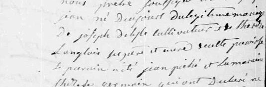 Le trente juillet mil huit cent huit, par nous prêtre soussigné avons baptisé Jean, né du jour du légitime mariage de Joseph Delisle, cultivateur et de Thérèse Langlois 0000 et 000 cette paroisse. Le parrain a été Jean Piché et la marraine Thérèse Germain qui ont déclaré ne savoir signé ainsi que le père présent. [1]
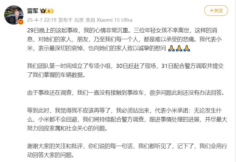29日晚上的这起事故,我的心情非常沉重。三位年轻女孩不幸离世,这样的消息,对她们的家人、朋友,乃至我们每一个人,都是难以承受的悲痛。我代表小米,表示最深切的哀悼,也向她们的家人致以诚挚的慰问 。
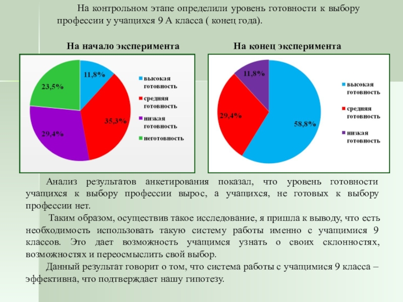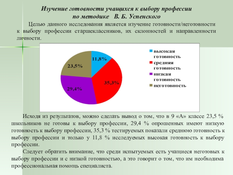 Исходя из результатов, можно сделать вывод о том, что в 9 «А» классе 23,5 % школьников не готовы к выбору профессии, 29,4 % опрошенных имеют низкую готовность к выбору профессии, 35,3 % тестируемых показали среднюю готовность к выбору профессии и только у 11,8 % исследуемых высокая готовность к выбору профессии.

====================

* Work instructions *
Look for the line that contains "29日晚上的这起事故,我的心", then please copy it and the rest of the lines through the end of the data, pictures excluded.

* Exercise answer *
29日晚上的这起事故,我的心情非常沉重。三位年轻女孩不幸离世,这样的消息,对她们的家人、朋友,乃至我们每一个人,都是难以承受的悲痛。我代表小米,表示最深切的哀悼,也向她们的家人致以诚挚的慰问 。
 Исходя из результатов, можно сделать вывод о том, что в 9 «А» классе 23,5 % школьников не готовы к выбору профессии, 29,4 % опрошенных имеют низкую готовность к выбору профессии, 35,3 % тестируемых показали среднюю готовность к выбору профессии и только у 11,8 % исследуемых высокая готовность к выбору профессии.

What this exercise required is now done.